Publications

Leaflet "Goya-Ensor. Winged Dreams"


This enthralling intense dialogue between Francisco de Goya (1746-1828) and the Belgian artist James Ensor (1860-1949), two of the greatest universal masters of printmaking, begins with a selfportrait of each. They are images of the artists whose fantasy gave rise to the prints on view in this exhibition – the result of whimsical, nonsensical, impossible and irrational dreams inhabited by winged figures, masks, skeletons and grotesque beings, underlying all of which is an allegorical reflection on the human condition.

Presented as bizarre products of the imagination, their references transcend the specific reality of both masters’ contemporary societies, becoming timeless and universal. They are visions that appeal to spectators’ sensitivity, using satire or mockery to confront them with denunciations that are still relevant today; with their own perception of the world of dreams and nightmares; and with something as human as not wanting to look but not being able to help doing so.

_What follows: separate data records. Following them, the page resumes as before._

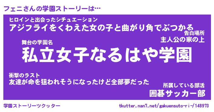 | ファンタジー風あだ名 | 『フェフェル』『エターナルフェニー』 |
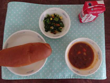 今日の献立は,黒糖コッペパン・牛乳・トマトシチュー・こまつなのソテーです。
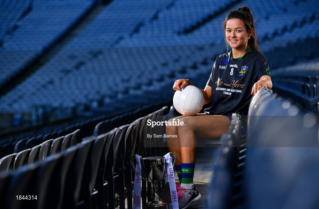 18 November 2019; Amy Gavin Mangan of Naomh Ciarán, with the Ladies All-Ireland Intermediate Club Trophy during LGFA All-Ireland Club Finals Captains Day at Croke Park in Dublin. Photo by Sam Barnes/Sportsfile
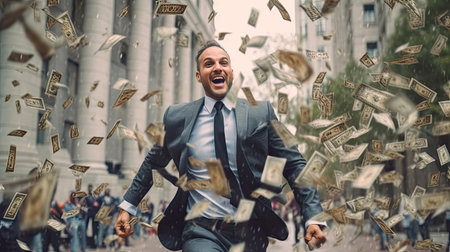 Euphoric Businessman in a Money Rush
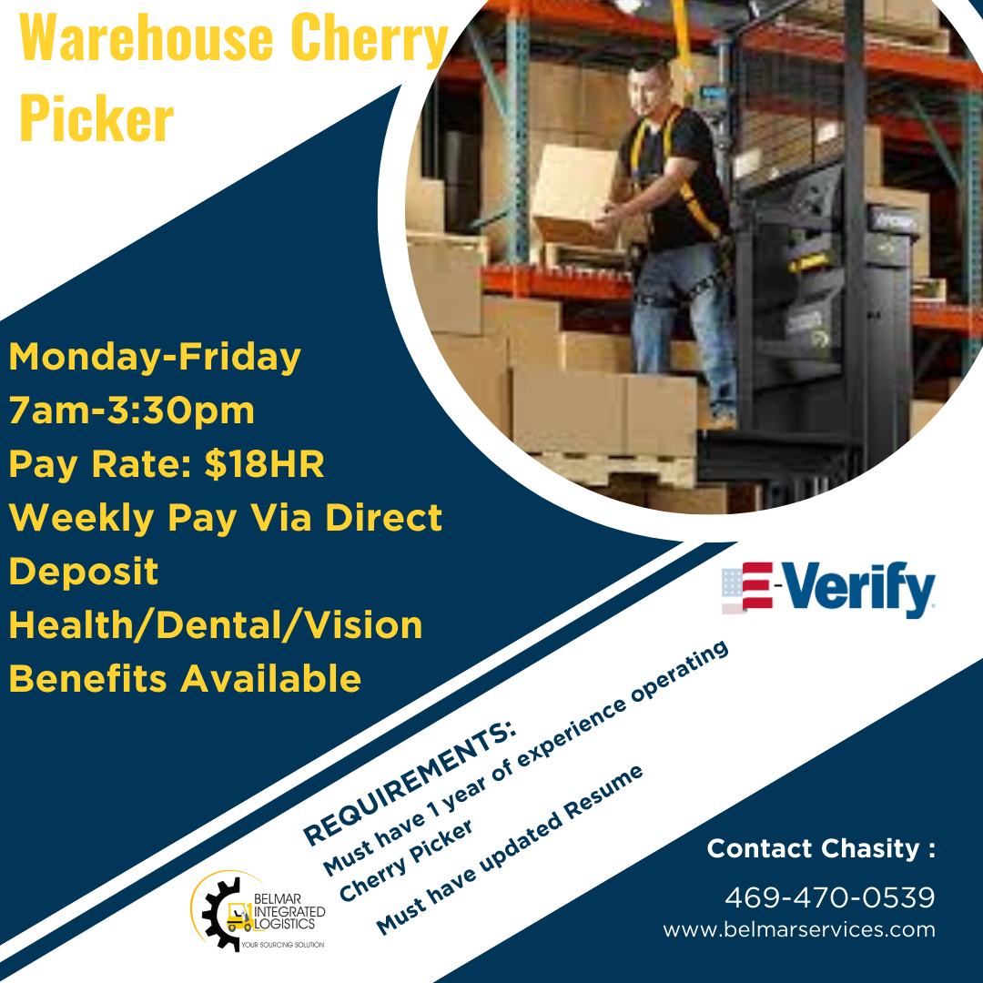 - Will be putting stock away in its location utilizing the cherry picker/order picker
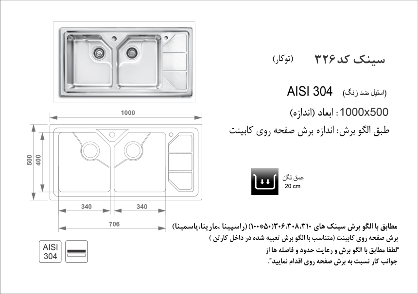 توضیحات مختصر درباره سینک اخوان توکار 326دارای استاندارد اروپا و ایراندارنده گواهینامه رعایت مصرف کنندگان در سال ۱۳۹۲برنده تندیس طلایی کیفیت از سویس و آلماندارای ۱۰ سال ضمانت ، عمق بیشتردارای بست فلزی و نوار آب بندیخدمانت پس از فروش گسترده در سراسر کشوربزرگترین تولید کننده سینک در خاورمیانهبرگزیده زرین کنگره ملی حماسه اقتصادی در سال 1392

The show brings together 53 masterpieces, lent by the Museo de Bellas Artes of Córdoba and a private collection, from the dream images produced by Goya and Ensor as printmakers, which are unquestionable points of references of modern art today. Ahead of their time, both artists marked a milestone in the defence of creative freedom and art’s critical commitment to society, and in creating personal languages that foreshadowed 20thcentury expressionism and surrealism.